▶ [DATA FOR THIS TASK]:
▼▼▼

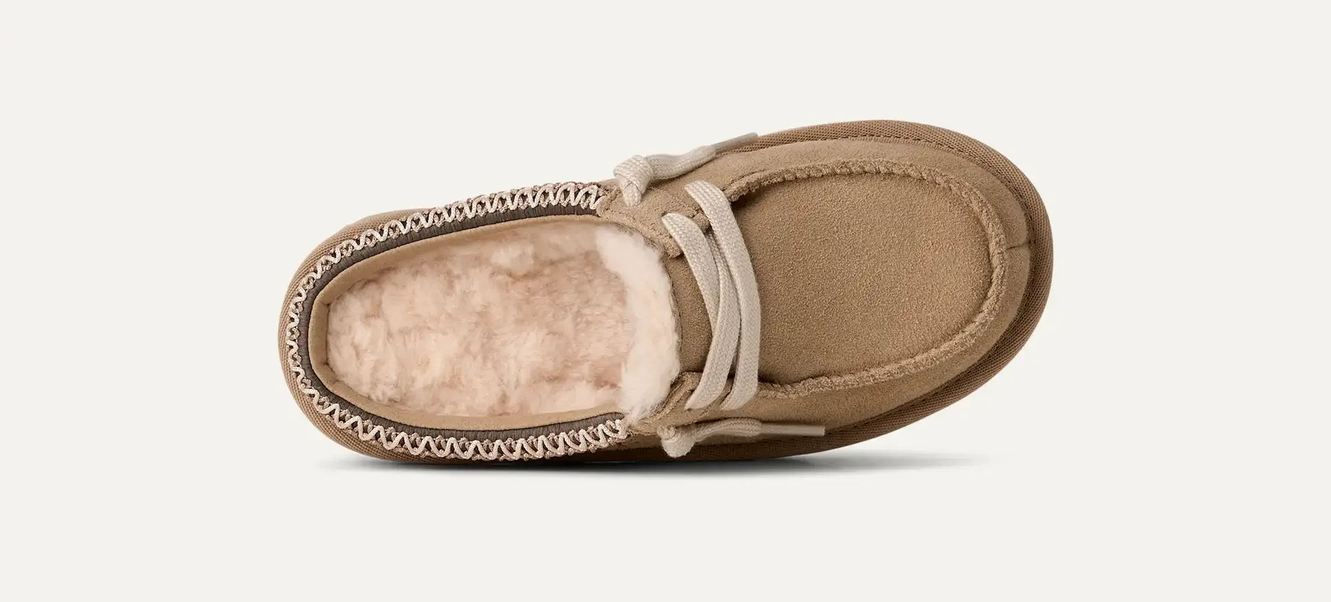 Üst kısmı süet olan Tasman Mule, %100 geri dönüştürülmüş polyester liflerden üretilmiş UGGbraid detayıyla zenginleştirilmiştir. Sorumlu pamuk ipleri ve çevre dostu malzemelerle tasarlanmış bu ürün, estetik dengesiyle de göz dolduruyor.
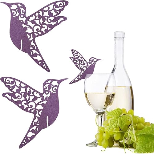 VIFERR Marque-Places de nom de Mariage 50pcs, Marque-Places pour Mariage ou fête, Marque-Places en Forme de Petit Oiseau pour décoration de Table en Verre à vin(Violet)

▲▲▲
▼▼▼

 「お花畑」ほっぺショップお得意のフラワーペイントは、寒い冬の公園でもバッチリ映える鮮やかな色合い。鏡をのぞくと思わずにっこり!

▲▲▲

▶ [TRY IT]: Beginning at the line above that contains "Üst kısmı süet" and going on through the line that contains "VIFERR Marque-Places de", please copy every line exactly, leaving the pictures out and adding nothing.

▶ [SOLUTION BELOW]:
 Üst kısmı süet olan Tasman Mule, %100 geri dönüştürülmüş polyester liflerden üretilmiş UGGbraid detayıyla zenginleştirilmiştir. Sorumlu pamuk ipleri ve çevre dostu malzemelerle tasarlanmış bu ürün, estetik dengesiyle de göz dolduruyor.
 VIFERR Marque-Places de nom de Mariage 50pcs, Marque-Places pour Mariage ou fête, Marque-Places en Forme de Petit Oiseau pour décoration de Table en Verre à vin(Violet)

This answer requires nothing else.